Description of the task:
Produce word for word the lines of the data below running from the one that has "20/7, stadsreus , Hoek" to the one that has "Colegio Ciudad Educativa", inclusive, and no others.

Supplied material:
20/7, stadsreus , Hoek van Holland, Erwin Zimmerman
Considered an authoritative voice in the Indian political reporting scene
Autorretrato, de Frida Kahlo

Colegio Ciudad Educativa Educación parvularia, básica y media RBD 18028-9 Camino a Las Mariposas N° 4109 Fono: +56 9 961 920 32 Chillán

* * *

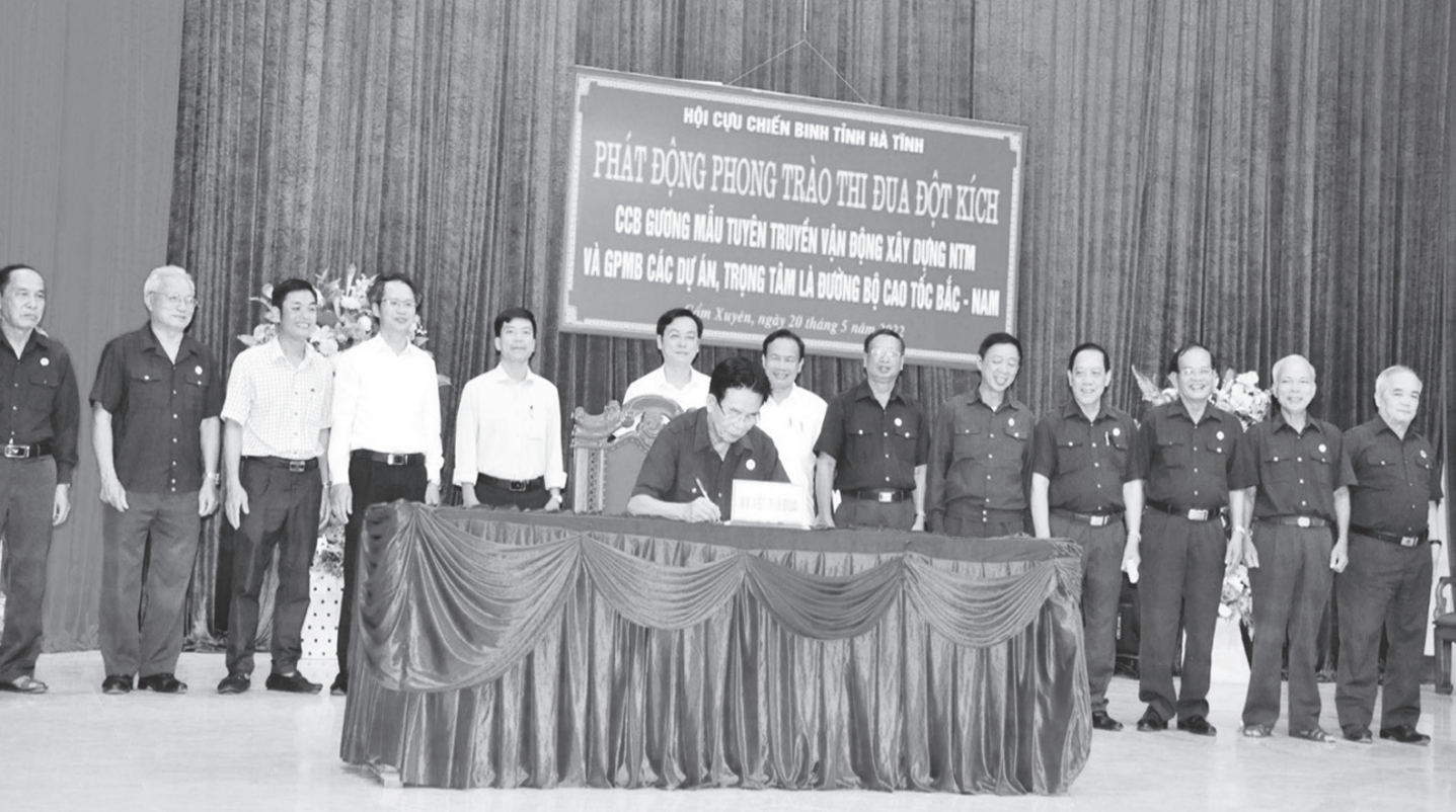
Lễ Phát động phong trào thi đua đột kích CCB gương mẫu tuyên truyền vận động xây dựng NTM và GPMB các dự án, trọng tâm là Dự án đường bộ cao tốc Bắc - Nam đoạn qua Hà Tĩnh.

Result of the exercise:
20/7, stadsreus , Hoek van Holland, Erwin Zimmerman
Considered an authoritative voice in the Indian political reporting scene
Autorretrato, de Frida Kahlo

Colegio Ciudad Educativa Educación parvularia, básica y media RBD 18028-9 Camino a Las Mariposas N° 4109 Fono: +56 9 961 920 32 Chillán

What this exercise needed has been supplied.